> [WORK REQUIRED]: Starting at the line that has "Přívěsek ze serafinitu" and stopping after the line that has "- 1 Verteilerfeld", reproduce the listing below exactly; omit everything else.

> [DATA EXTRACTS]:
************

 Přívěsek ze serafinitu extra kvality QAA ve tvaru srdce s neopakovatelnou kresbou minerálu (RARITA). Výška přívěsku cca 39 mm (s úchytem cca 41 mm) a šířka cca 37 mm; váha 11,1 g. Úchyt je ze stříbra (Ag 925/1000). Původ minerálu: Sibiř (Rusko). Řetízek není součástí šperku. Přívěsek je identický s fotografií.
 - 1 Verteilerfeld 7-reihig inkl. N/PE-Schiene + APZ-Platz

************

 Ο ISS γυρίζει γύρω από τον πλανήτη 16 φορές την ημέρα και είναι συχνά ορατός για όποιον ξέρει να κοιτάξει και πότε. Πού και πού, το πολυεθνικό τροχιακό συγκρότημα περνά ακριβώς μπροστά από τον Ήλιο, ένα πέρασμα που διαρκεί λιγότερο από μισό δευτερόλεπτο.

************

> [SOLUTION FOR THIS PROBLEM]:
 Přívěsek ze serafinitu extra kvality QAA ve tvaru srdce s neopakovatelnou kresbou minerálu (RARITA). Výška přívěsku cca 39 mm (s úchytem cca 41 mm) a šířka cca 37 mm; váha 11,1 g. Úchyt je ze stříbra (Ag 925/1000). Původ minerálu: Sibiř (Rusko). Řetízek není součástí šperku. Přívěsek je identický s fotografií.
 - 1 Verteilerfeld 7-reihig inkl. N/PE-Schiene + APZ-Platz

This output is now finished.